A black group, the 16th Census Tract Crisis Committee, filed a complaint with HUD last July saying that by such actions as relocating Rte. 1 through a black neighborhood and declaring the predominantly black Parker-Gray neighborhood a special preservation district, city officials violated blacks' constitutional rights to fair housing opportunities.

City Manager Vola Lawson, who was housing director from 1980 to 1985, denied the charge that the city failed to record the race of people benefiting from federally funded projects.

"The comment that there are no racial data is inaccurate," Lawson said, in an unscheduled news conference last night. "Racial data has always been kept for CDBG Community Development Block Grant or federal programs."

Lawson called the HUD response, which she received Monday in a letter, "somewhat baffling." She said she would immediately request a meeting with HUD officials.

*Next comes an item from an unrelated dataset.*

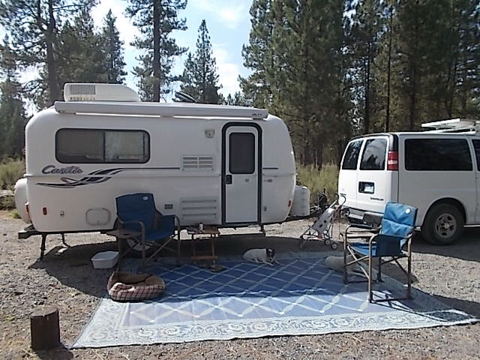 I say, why not? The only other camper in Williamson River National Forest Campground is, of course, in the sunniest site. That’s because they don’t have a solar panel. It’s also the nicest site. So I covet, covet, covet. I’m so covetous that I don’t unhitch lest I miss an opportunity to get that site.
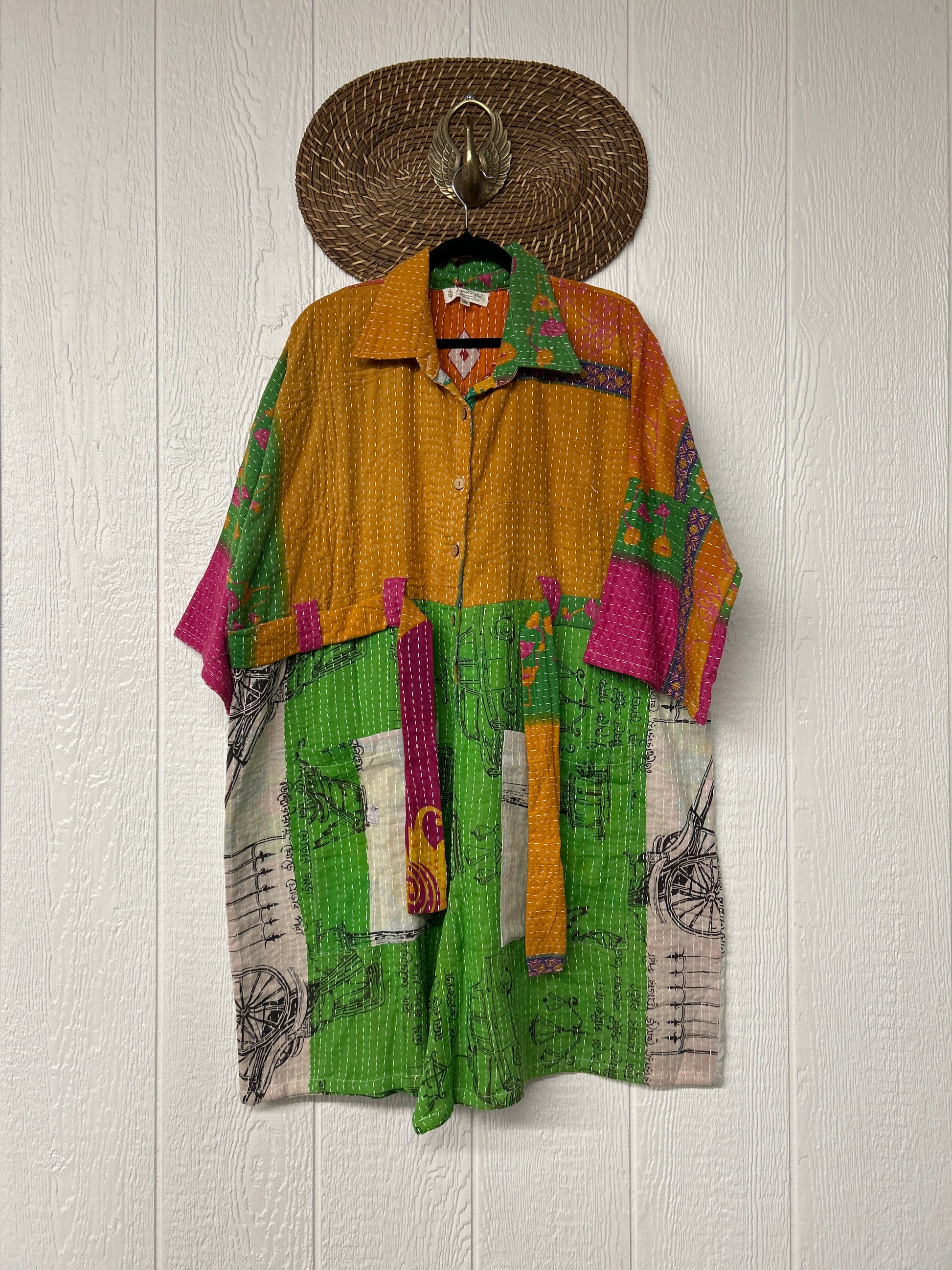 Crafted from our ultra-luxe Kantha stitch vintage cotton sari the Gravity Shortall features a button down front placket, adjustable belt, and cropped "short" length.Size recommended 00-20/22

John J. Kane, HUD's director of the Philadelphia Office of Fair Housing and Equal Opportunity, which dispatched the investigative team to Alexandria, said yesterday he could not comment on the letter his office sent.

"We have had a fairly extensive review and spent a lot of staff time," Kane said. "Now we are at the point in time where they [the city and the 16th Census Tract Crisis Committee] will get back to us and react."

Within two weeks, Kane said he hoped to have heard from both parties and release a list of "recommendations" to the city.

Euroda Lyles, spokesman for the 16th Census Tract group, declined to comment on HUD's finding.

Lawson and Mayor James P. Moran Jr. were irked yesterday at how the investigation was handled and how much it cost the city.

Lawson said the city spends "several thousands of dollars," in staff time complying with the demands of HUD officials.

"I'm still annoyed that we had to spend as much time and effort in defending ourselves for something that we should not have been accused of in the first place," Moran said. He said he has asked the staff to assess the actual cost of the investigation.

"The city has an outstanding record in housing," Lawson said. "It has tripled its [federally] assisted housing in the last decade and the majority has gone to minorities."

According to the HUD report, 58 percent of all properties purchased through the Homeownership Assistance Program were purchased by blacks, and 63 percent of the total number of persons who sought housing counseling were black.

But it said the lack of documentation on other housing programs made it difficult to assess their benefit to blacks. Still, the report said, " . . . it does not appear that discriminatory treatment was a factor in the administration of the program."